From the end of the day:

A very brief report, because there are no results yet—but I am getting close—from what I’ve been working on today. On account of the gruesome weather and a desire to focus, I stayed at home, and it was a good day. Put in a very decent effort and made some serious headway in adapting the existing code for generating the diversity/disparity plot so that it will perform by-list, unweighted subsampling for the morphospace. The whole thing isn’t working yet, but a tantalizing glimpse of the subsampled values for convex hulls and alpha volumes looked like the curve flattens out completely under subsampling—suggesting that the increase over time might be an artifact of sampling.

Tues at Home

ø

I have definitely been feeling a surge in anxiety over the past 24 hours. All of the uncertainty about what to do about diversity subsampling and how it relates to the morphospace, as well as the question of what to do for the diversity chapter if SQ is not applicable to Neptune data was making me very uneasy. I didn’t sleep well last night, tossing and turning, mind racing in circles, but I did my best to keep myself focused on the moment, and went out for a short run this morning even through I had trouble getting out of bed. This helped a little bit.

Walking home after work yesterday I thought that a intermediate fix for my SQS problem in the context of the morphospace might be to apply a classical rarefaction or the closely related by-list, unweighted subsampling instead. While it’s philosophically very different, the results in Alroy’s studies aren’t all that dramatically different from SQS, and crucially, at least they do *some* correction for sampling as opposed to reading observed diversity at face value. It might not be impossible to implement so that I can actually generate both the diversity curve (species level) and the morphospace occupancy data (genus level).

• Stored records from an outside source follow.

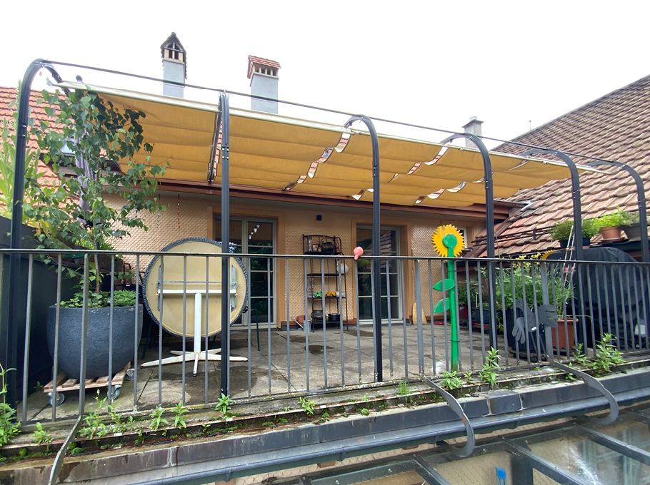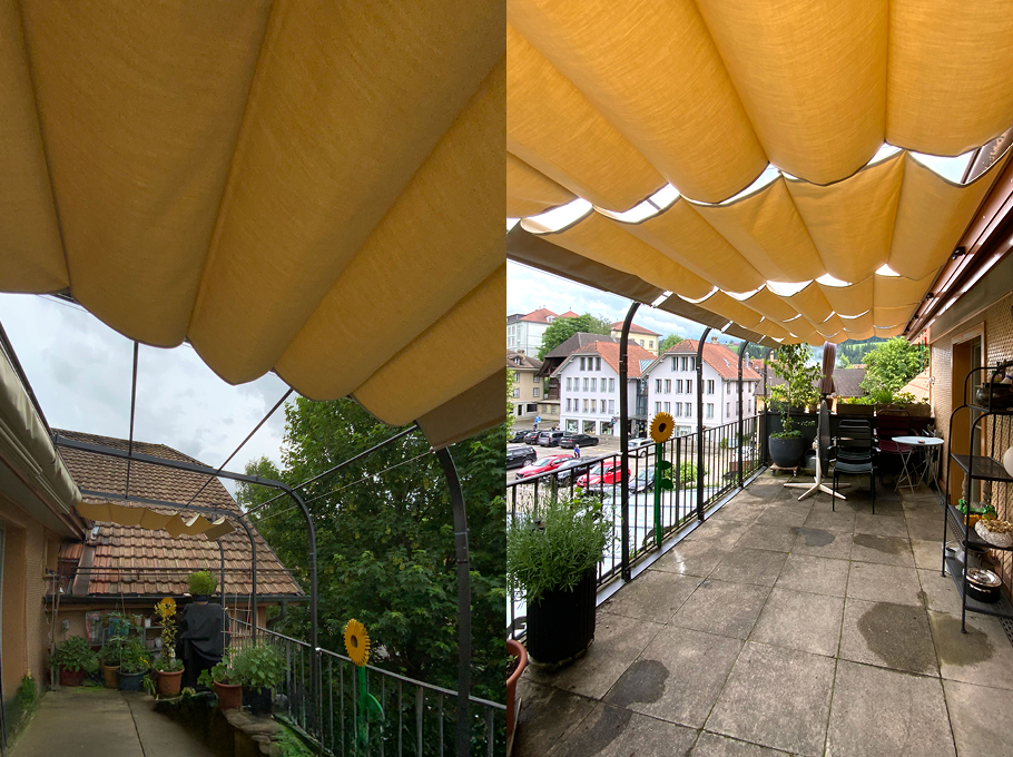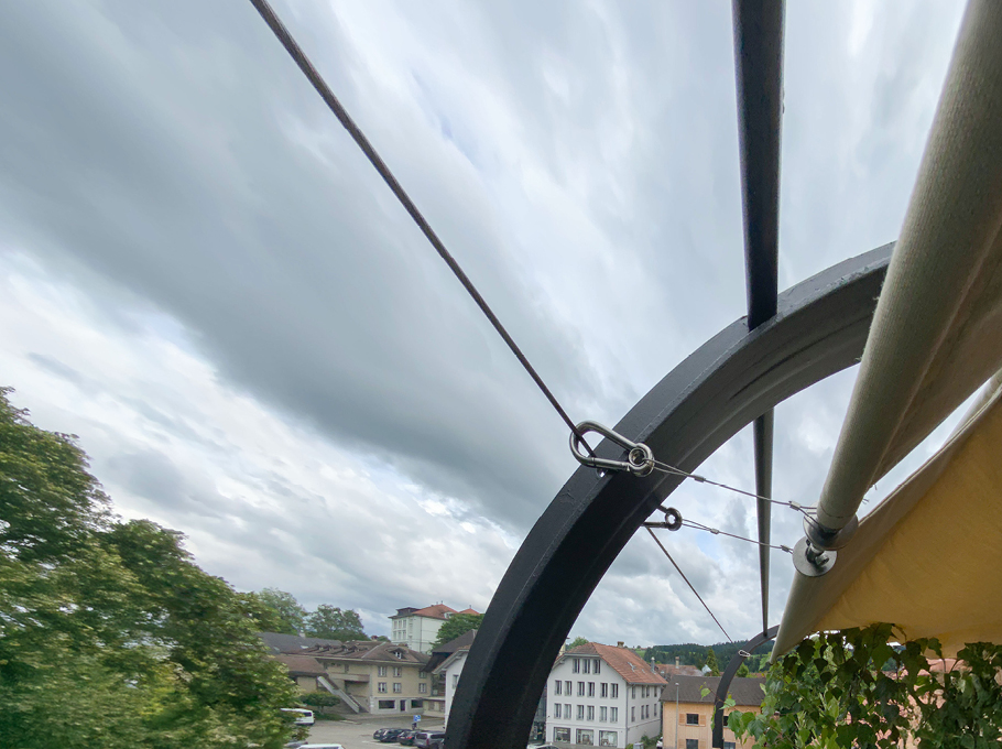 Stahlseil-Führungen für die Beschattungselemente, Raff- Beschattung mit UVbeständigem Storenstoff und Aluminiumrohrführungen.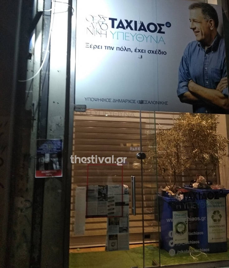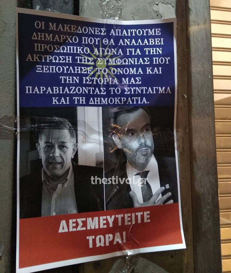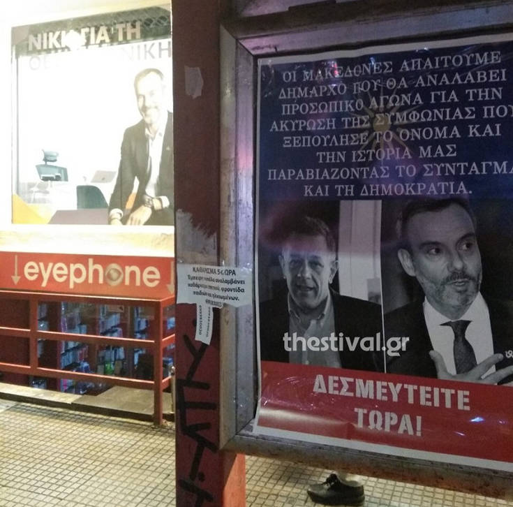 Αφίσες με τις οποίες καλούν τους δύο διεκδικητές του Δήμου Θεσσαλονίκης, Νίκο Ταχιάο και Κωνσταντίνο Ζέρβα, να αγωνιστούν για την ελληνικότητα της Μακεδονίας και την ακύρωση της Συμφωνίας των Πρεσπών, τοιχοκόλλησαν άγνωστοι στο κέντρο της πόλης.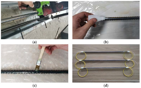 According to the monitoring program of this paper, the marking distance of the self-sensing bar in the actual road surface is 500 mm, and the marking distance of the self-sensing bar in the small-scale model test is 150 mm, so the self-sensing bar with a marking distance of 150 mm is produced and a tensile test is carried out to investigate its strain sensing performance. The specific production process as shown in Figure 26, with a self-sensing steel bar component length of 60 cm; first of all, the steel bar tooling groove, to ensure that the groove is uniform, the width and depth of the groove is taken for the 2 mm × 2 mm, followed by the paste of bare optical fiber, the bare optical fiber is placed in the groove, threaded into the corresponding distance length of the plastic tube, the use of glue will be pasted; and finally, the epoxy resin is injected into the groove, to ensure that the groove epoxy resin filled uniformly. Following the above steps completes the self-sensing steel production.
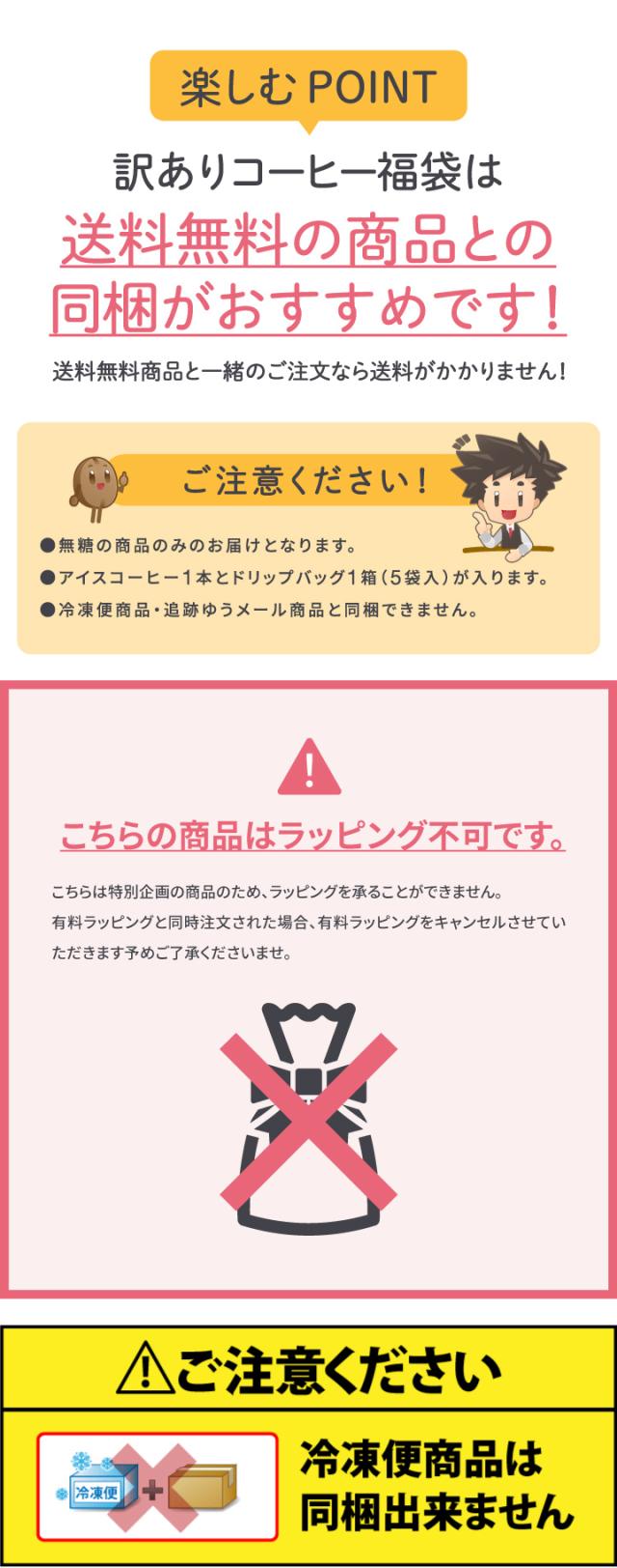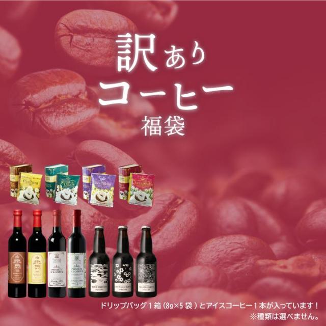 | 贈り物として準備された高級コーヒーが、訳あり品として特別価格で登場。贈答用の高級コーヒーをお得に楽しめる、数量限定の福袋セット。訳ありだけど中身は本格派! 1.訳ありだからお得! 夏ギフトの在庫整理でお得に提供されているため、味や香りはそのまま。中には通常2,000円以上の商品が含まれており、品質にはまったく問題ありません。数量限定・無くなり次第終了なので、見つけたら即ゲットが正解です。 2.本格派のドリップバッグとアイスコーヒーが楽しめる 内容は8g×5袋入りのドリップバッグ1箱と、アイスコーヒー1本のセットで、中身がランダムとなりますが、どれが届いても満足いただける品質と美味しさにこだわったラインナップとなっております。 3.誰でもかんたんに楽しめる ドリップバッグはお湯を注ぐだけ、アイスコーヒーはグラスに注ぐだけでOK。特別な器具や技術は必要なく、誰でも簡単に本格的な味が楽しめます。 | |

I also realized that I really needed to iterate back to the text of my chapter—I’ve spent the last couple of weeks focused exclusively on producing figures in R, and so I have become unmoored from the enforced linear thinking required by the writing process, which is no doubt part of the reason my mind has started swirling in these terrifying vortices.

Had a very good meeting with Beau in the afternoon, realized that I have actually accomplished a lot in the past six weeks (36 of the 50 to dos from mid-January). Seeing a slightly clearer path forward, though it’s still a little terrifying.

Weekendud

ø

Managed no work at all this weekend, in spite of having a Saturday alone with Kati in DC. Not much to say about it other than that I really, really didn’t feel like working, and jumped upon every excuse not to do it—laundry, grocery shopping, newspaper reading, relaxing, and watching TV on Saturday; sleeping in, Kati time, going for a walk in the sun and the last episode of Downton Abbey on Sunday. Anything but work.

I tried not to let this cast a cloud on my Monday, however; headed out on my scheduled run and was at my desk, ready to work, at 9am. The starting of work was delayed by a little over an hour, since Andy’s intern Sarah showed up and begged for fulfillment of an earlier promise (not as empty as I had hoped, it turned out) to show her how to set up macros to set scale and insert scale bars on the photos she’s taking with the microscope camera system. It was a time sink but she was very grateful, and I felt (for a change) extremely competent. I may have failed to produce anything of academic value (so far) in the many years I’ve spent in graduate school, but I’ve certainly picked up a lot of skills and general knowledge along the way—including how to write macros for ImageJ.

In a strange way then, this was an hour well spent, since I returned to my desk feeling much more chipper and motivated than I had been earlier that morning, peeling myself from the bed and cursing the fact that it was a holiday yet I wouldn’t be able to take time off, without extreme guilt, i.e. no time off until the thesis is done. Fortunately, I’m well placed to get myself there now.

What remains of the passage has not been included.